Tips, Tricks & Best Practices

JoshVe
Contributor

Best Practices for Managing Reopened Support Tickets

SOLVE

Hey Community,

I’d appreciate your guidance on best practices for managing reopened support tickets in a way that balances excellent customer experience with accurate tracking of SLA and resolution metrics.

Current Workflow:
Our clients can open support tickets by emailing our support team, which creates a new ticket—this part works fine.

The Problem:
Clients often reply to older resolved tickets instead of opening new ones. When this happens, the system reopens the original ticket, causing issues with SLA tracking and resolution time calculations. For example:

  • A client opens a ticket on January 1, 2025.
  • We resolve it the same day.
  • The client replies to the same ticket on December 31, 2025, and we close it again on the same day.
  • The ticket now shows a total resolution time of 1 year which is accurate but dose not reflect the real working time on the original ticket.

My Question:
What are the best practices for managing this scenario? Specifically:

  • How can we encourage clients to open new tickets without creating unnecessary friction or impacting their experience?
  • Are there ways within HubSpot or other tools to better handle reopened tickets to ensure SLA and resolution metrics remain accurate?

Any tips, workflows, or automation ideas would be greatly appreciated!

Thanks in advance for your help.

1 Accepted solution
danmoyle
Solution
Most Valuable Member | Elite Partner
Most Valuable Member | Elite Partner

Best Practices for Managing Reopened Support Tickets

SOLVE

Thanks for the mention @kennedyp

 

Hey there @JoshVe. In addition to what Kennedy shared, I have a few thoughts. 

 

It can definitely be difficult to manage the scenario you describe - and I don't think it's that uncommon. I'd imagine there's a mix of folks who just contact support new each time, and others who search through their emails to hit reply and re-open a past conversation. 

I agree that encouraging new tickets is best case for your team while may add friction for customers, but I'd first posit that not all friction is bad. Needing to create a new ticket could make the support process easier overall, so added friction could result in better service (re-opening maybe adds time to the process whereas a new ticket moves faster - potentially). 

 

Anyway, with that in mind, here's what I'm thinking about with the new ticket path. 

 

Educate clients: Send automated emails after ticket closure explaining the importance of opening new tickets for new issues.

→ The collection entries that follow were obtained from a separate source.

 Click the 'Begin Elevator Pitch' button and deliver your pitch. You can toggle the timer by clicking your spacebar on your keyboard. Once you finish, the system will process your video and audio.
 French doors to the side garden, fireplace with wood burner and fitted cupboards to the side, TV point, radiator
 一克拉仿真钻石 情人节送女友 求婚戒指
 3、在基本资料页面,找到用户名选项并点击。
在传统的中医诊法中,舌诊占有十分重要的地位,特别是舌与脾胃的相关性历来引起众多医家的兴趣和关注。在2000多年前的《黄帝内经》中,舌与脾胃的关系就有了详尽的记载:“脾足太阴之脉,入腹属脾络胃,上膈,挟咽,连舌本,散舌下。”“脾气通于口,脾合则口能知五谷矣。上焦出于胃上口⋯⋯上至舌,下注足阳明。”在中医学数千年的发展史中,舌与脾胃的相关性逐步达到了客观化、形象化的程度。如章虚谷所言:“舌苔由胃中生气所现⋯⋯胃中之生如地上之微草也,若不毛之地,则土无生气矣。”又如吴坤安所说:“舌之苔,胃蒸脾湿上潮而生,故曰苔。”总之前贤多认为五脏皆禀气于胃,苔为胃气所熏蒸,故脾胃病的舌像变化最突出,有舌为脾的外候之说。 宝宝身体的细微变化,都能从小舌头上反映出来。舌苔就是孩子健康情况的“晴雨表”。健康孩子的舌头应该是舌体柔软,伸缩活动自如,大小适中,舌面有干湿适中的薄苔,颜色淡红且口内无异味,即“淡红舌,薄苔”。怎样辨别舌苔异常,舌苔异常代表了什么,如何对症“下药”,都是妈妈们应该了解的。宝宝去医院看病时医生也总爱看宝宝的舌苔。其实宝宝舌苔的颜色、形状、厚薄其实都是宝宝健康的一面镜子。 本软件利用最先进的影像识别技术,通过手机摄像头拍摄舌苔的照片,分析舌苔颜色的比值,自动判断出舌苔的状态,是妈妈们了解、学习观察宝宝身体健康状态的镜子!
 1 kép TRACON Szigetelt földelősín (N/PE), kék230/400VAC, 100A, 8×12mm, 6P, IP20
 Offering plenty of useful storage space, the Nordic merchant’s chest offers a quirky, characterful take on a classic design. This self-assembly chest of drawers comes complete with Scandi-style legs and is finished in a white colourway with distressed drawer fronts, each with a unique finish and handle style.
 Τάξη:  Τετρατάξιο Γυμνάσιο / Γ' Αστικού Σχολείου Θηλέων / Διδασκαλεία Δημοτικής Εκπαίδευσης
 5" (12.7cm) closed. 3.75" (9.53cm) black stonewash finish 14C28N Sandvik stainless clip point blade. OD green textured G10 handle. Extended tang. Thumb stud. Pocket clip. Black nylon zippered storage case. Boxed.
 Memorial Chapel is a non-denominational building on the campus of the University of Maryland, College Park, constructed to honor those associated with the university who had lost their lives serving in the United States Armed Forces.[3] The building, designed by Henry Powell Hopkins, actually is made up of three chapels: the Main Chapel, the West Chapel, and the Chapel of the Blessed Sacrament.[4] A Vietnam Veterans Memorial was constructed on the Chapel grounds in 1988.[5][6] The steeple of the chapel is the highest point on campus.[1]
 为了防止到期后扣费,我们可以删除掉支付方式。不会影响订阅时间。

Implement a ticket portal (HubSPpot's customer portal should work): Set up a customer portal where clients can easily create new tickets and view their ticket history.

Use auto-responders: Configure auto-responses for closed tickets, guiding clients to open new tickets for additional issues.

 

I also poked around the internet a bit and found this idea for a solution. Full transparency, I did not validate it to know if this works, so I'd suggest testing it. 

 

Adjust the ticket process with custom properties and workflows.

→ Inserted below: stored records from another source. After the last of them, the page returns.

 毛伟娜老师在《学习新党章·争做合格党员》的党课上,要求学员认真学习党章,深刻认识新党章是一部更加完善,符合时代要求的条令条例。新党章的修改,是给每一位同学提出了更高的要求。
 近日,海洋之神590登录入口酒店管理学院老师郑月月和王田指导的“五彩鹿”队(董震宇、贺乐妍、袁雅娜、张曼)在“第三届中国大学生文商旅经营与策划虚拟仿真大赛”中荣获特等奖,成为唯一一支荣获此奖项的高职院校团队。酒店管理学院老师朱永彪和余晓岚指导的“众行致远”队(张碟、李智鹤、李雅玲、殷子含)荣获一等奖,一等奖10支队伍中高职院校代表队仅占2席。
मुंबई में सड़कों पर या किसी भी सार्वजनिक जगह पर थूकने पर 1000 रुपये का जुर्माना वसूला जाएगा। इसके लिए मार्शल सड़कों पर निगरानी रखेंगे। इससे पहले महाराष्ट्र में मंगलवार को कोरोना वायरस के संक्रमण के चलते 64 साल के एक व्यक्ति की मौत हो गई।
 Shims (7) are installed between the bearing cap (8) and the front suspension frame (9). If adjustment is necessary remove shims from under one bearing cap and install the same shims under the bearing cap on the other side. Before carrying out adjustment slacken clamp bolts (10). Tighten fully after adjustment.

Custom properties: Create custom ticket properties to track reopening data, including "Time to Reopen" and "Time to Re-close."

Workflow automation: Set up a workflow to manage reopened tickets:

  • Secure the close date in an auxiliary property
  • Add a delay until the close date is unknown
  • Set the reopening date
  • Add a delay until re-close
  • Copy the next close date

SLA management: Configure SLAs to pause when a ticket is solved and reactivate with the same elapsed/remaining time if reopened.

 

This may also help with metric tracking that's more accurate to your needs.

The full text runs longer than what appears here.